(Input material)
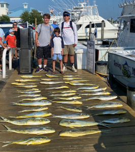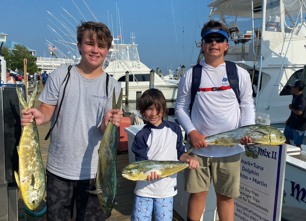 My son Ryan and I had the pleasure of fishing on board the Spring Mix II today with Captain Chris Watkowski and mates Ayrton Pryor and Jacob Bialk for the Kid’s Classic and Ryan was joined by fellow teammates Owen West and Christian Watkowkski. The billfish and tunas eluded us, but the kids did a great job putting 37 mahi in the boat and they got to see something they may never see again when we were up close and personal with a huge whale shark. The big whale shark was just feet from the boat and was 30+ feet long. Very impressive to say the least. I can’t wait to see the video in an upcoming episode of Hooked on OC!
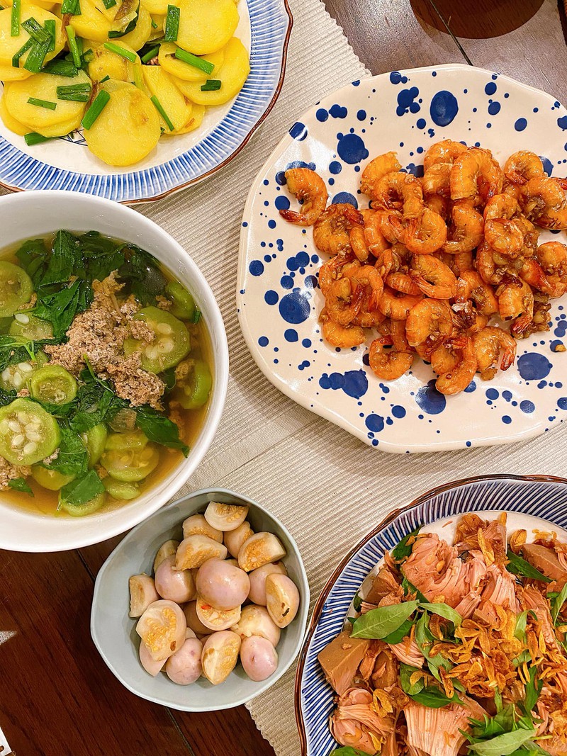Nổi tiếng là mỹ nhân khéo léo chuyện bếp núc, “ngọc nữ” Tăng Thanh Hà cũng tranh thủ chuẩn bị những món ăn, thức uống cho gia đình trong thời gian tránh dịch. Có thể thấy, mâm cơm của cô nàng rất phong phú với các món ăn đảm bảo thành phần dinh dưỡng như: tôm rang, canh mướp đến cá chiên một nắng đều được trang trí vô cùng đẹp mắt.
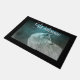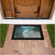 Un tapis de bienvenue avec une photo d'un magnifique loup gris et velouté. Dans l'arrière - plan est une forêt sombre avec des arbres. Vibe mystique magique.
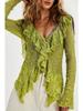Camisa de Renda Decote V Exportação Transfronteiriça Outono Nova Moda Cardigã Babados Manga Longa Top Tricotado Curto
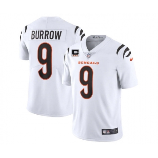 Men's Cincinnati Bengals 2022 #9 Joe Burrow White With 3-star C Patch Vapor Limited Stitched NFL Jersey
(End Input material)
(Input material)
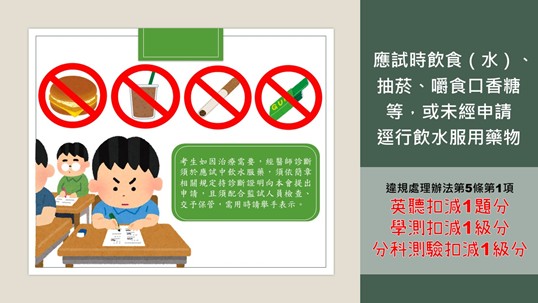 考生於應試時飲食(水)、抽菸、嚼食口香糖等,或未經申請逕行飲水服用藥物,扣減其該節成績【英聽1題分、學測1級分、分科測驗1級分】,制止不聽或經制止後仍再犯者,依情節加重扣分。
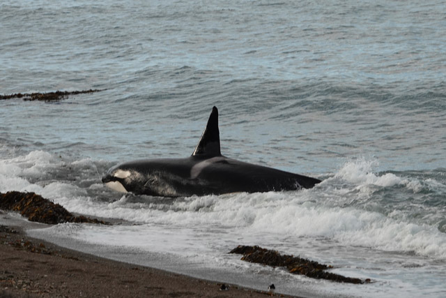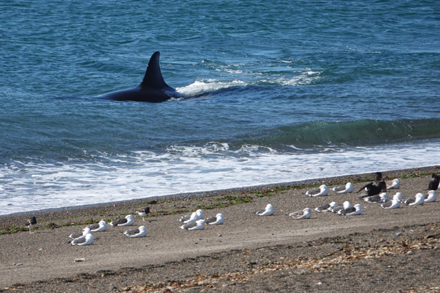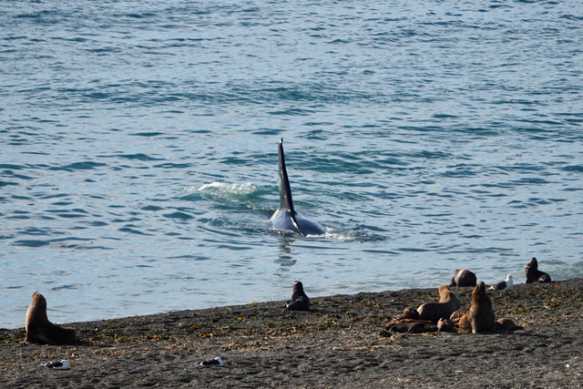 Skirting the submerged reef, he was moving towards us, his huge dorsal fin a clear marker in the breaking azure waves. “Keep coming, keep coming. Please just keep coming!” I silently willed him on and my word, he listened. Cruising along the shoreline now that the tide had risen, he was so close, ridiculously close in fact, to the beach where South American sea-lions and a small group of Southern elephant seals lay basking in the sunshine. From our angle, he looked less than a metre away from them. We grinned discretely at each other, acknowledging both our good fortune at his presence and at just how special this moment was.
(End Input material)
• Work item: Using the material above, transcribe exactly the lines from the one holding "考生於應試時飲食(水)、抽菸" to the one holding "Skirting the submerged", both ends kept. Do not carry over any pictures.

• Exercise response:
 考生於應試時飲食(水)、抽菸、嚼食口香糖等,或未經申請逕行飲水服用藥物,扣減其該節成績【英聽1題分、學測1級分、分科測驗1級分】,制止不聽或經制止後仍再犯者,依情節加重扣分。
 Skirting the submerged reef, he was moving towards us, his huge dorsal fin a clear marker in the breaking azure waves. “Keep coming, keep coming. Please just keep coming!” I silently willed him on and my word, he listened. Cruising along the shoreline now that the tide had risen, he was so close, ridiculously close in fact, to the beach where South American sea-lions and a small group of Southern elephant seals lay basking in the sunshine. From our angle, he looked less than a metre away from them. We grinned discretely at each other, acknowledging both our good fortune at his presence and at just how special this moment was.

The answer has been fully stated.